Yıllar sonra Güzel Ana’yı böylesi bir tesadüf nedeniyle daha sık görür oldum. Mart ayının ilk haftaları soğuk geçse de ağaçların tomurcuğa duracağı günlere az kalmıştı. Newroz bayramını gençlik olarak biz organize edecektik. Tam bir hafta eski araba lastiği aramakla geçirdik. Bulduğumuzda da en güvenli yere, evimizin kömürlüğüne sakladım. Annem kömürlükteki araba lastiğini görmesiyle;
“Bu tekerin kömürlükte işi nee?” diyerek bağırması bir oldu. Neyseki araba lastiğimizin başına bir şey gelmeden 1992 yılı 21 Martı’nda Gülsuyu Mahallesi son durakta halkı Newroz kutlamamıza davet eden çağrımızı yaptık, araba lastiğini keyifle tutuşturduk. Sloganlarımızı duyan Gülsuyu halkı çevremizi sardı. En önde de Güzel Ana vardı. Marşlar eşliğinde halaylarımızı çektik.
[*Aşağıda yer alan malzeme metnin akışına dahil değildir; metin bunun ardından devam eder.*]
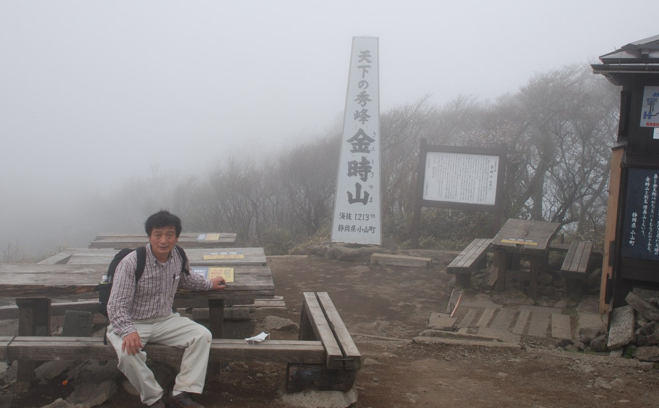 1時間10分で金時山頂(写真上)に着いた。霧で何にも見えない。

Güzel Ana yanıma gelip “aferin anne kurban”, deyip beni tebrik edince onun gözünde büyüdüğümü anladım.
Güzel Ana, devrimcileri, düşüncelerini çocuklarından önce tanısa da; ev, eş, çocuklar, torunlar… Onu çevreleyen sorumluluklar nedeniyle körelmedi, geri durmadı. Toplumun, sistemin kadına yüklediği “görev”lere rağmen yüzünü hep alanlara döndü. Bir ana olarak bir avuç bulguruyla yoksulluğa meydan okuyan çorbalar pişirmedi sadece, devrimcilerin anası olarak düşman saldırısının hapishanelerde ayyuka çıktığı; devrimci ve komünistlerin bedenini ölüme yatırdığı 96 ölüm oruçları başladığında, o da dışarıda eylemlere katılanlar arasında yerini aldı.
Gönlü Partizancılarda olsa da, düşmanın sokağa çıkmayı yasakladığı süreçlerde Güzel Ana bütün devrimcilerin, hakkını arayanların yanında olarak gaza, jopa karşı alanlarda oldu.
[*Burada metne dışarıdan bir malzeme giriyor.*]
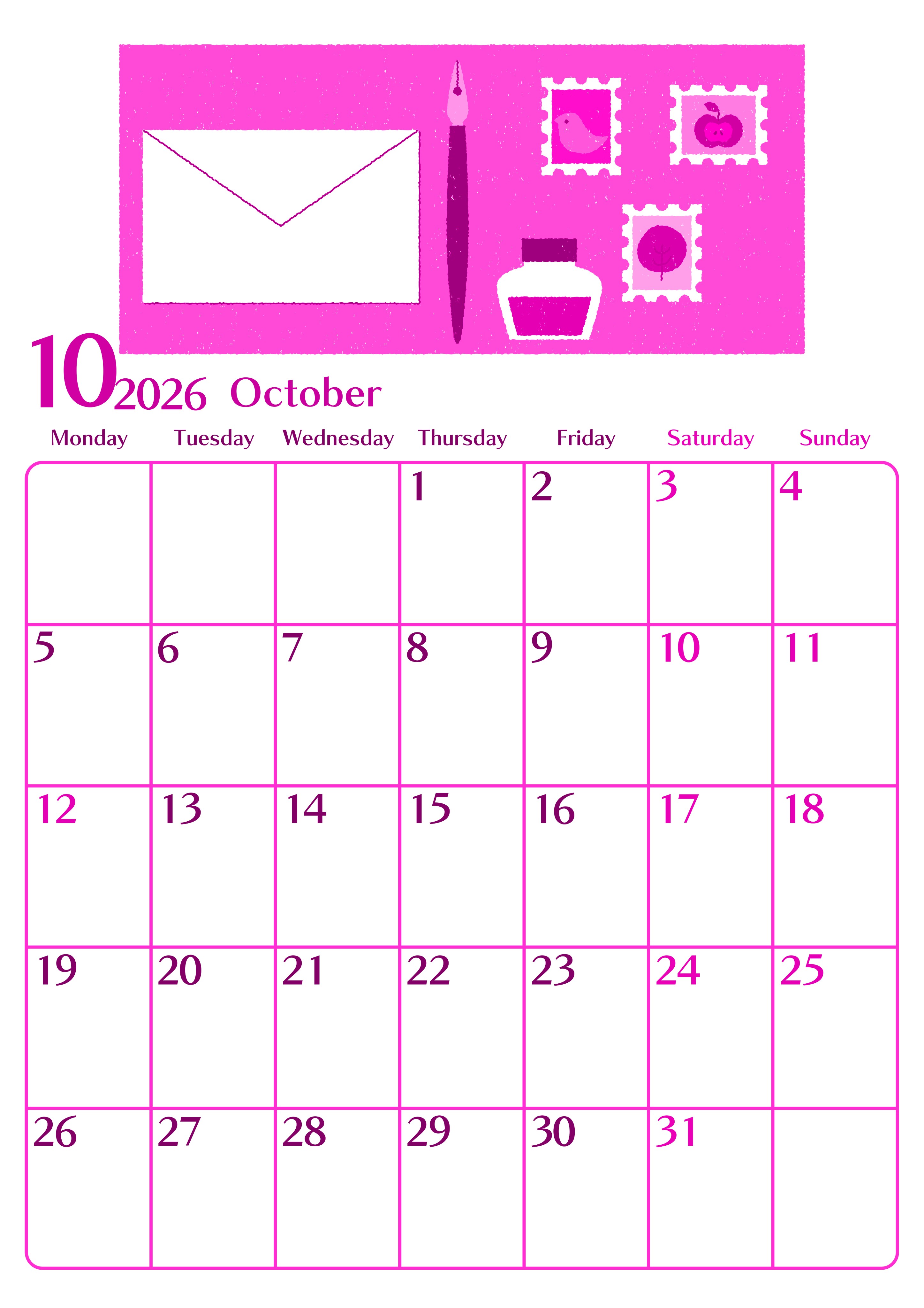 2026年10月縦型月曜始まりの無料テンプレートピンクのカレンダーです。手紙をはじめとするお手紙グッズをテーマにしたイラストがスタイリッシュでおしゃれな縦型ピンクのカレンダーとなっています。曜日ごとに文字の色が違うので見やすいです。(2026-00841011)

Suyunu ezilen emekçi halklardan, güneşini devrime devrimcilere inancından alan Güzel Ana’yı ölümsüzlüğe uğurladık.
Analar çocuklarını ne aç ne de açıkta bırakır; o yanımızda olmasa da onun binbir emekle büyüttüğü mücadele azmine omzumuzu dayayarak çatışacağız alanlarda, her bahar yaprağa duracağız. Onun dallarında tutunarak çoğalacağız.
Kökleri toprakla buluşsa da, çekik güzel gözleri üzerimizde, el sallarken bizlere devrimin müjdesini beklediğini fısıldıyor.
O fısıltıyı dışarıda tabutuna omuz verenler, silah elde savaşanlar ve biz tutsaklar duyduğuna göre, boşa harcayacak zamanımız yok!
Kavgamızın çınarı Güzel Ana ve nice emekçi, devrimci anaların öfkesi katilleri boğana dek, mücadeleye devam!